Microservices Migration
A composite B2B company with a ten-year-old Ruby monolith — in production, generating revenue, but slowing the team down: 40-minute deploys, coarse scaling, weeks of onboarding. 30 engineers, a one-year horizon for meaningful progress, and no tolerance for freezing feature work.
The team used the Strangler Fig pattern, rejecting both a big-bang rewrite (too risky, undocumented business logic) and a pure lift-and-shift (would not fix deployment coupling).

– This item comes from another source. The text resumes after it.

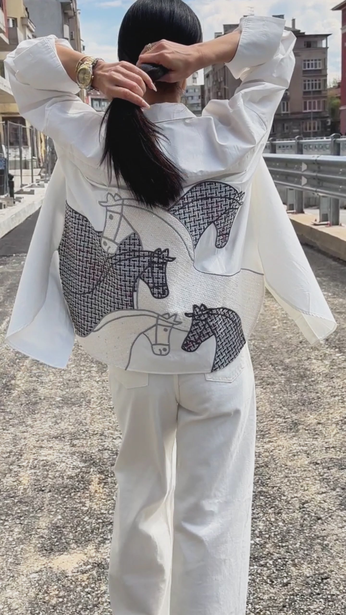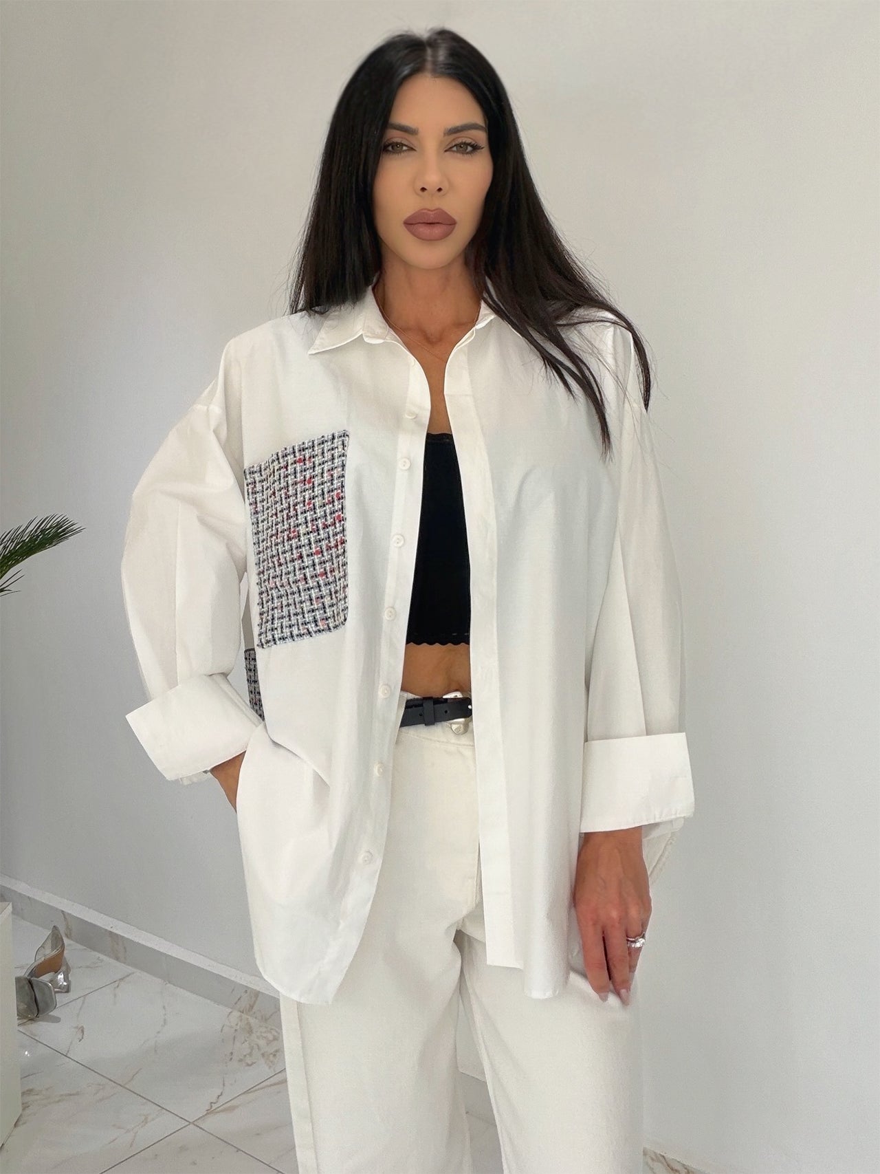 Моделът е с ръст 170 см и позира с размер S.

The Strangler Fig Approach
The principle: every new feature lands in a new service, every refactor is an extraction opportunity, and the monolith only shrinks. A routing layer — CloudFront in front of an ALB whose listener rules route by path to target groups (one per service plus one for the monolith) — lets requests move to new services without changing clients.
A new service launches by adding an ALB rule that initially sends a small traffic percentage to the new target group; the team watches metrics and shifts weight or rolls back. The hard-won discipline: ALB target-group weights are the source of truth, so every request must go through the ALB. Business feature flags live in application code, not at the ALB.
Service Boundaries and Data Migration
Services were extracted along data-ownership boundaries, not codebase organization — the Billing service owns charges, subscriptions, and invoices. Two 'logic services' that owned no data were extracted and rolled back. After 18 months: Identity, Billing, Catalog, and a greenfield Notification service; the monolith still holds the core product, to be attacked last.
Data migration uses three alternative techniques: greenfield (empty DB for new entities), DMS-based cutover (one-way CDC, read-only canary on GETs, then a brief write freeze and flip — used for Billing), and application-level dual-write (used for Identity). After cutover the new service is the single owner; the monolith stops writing. A nightly schema-drift comparison job caught three subtle bugs.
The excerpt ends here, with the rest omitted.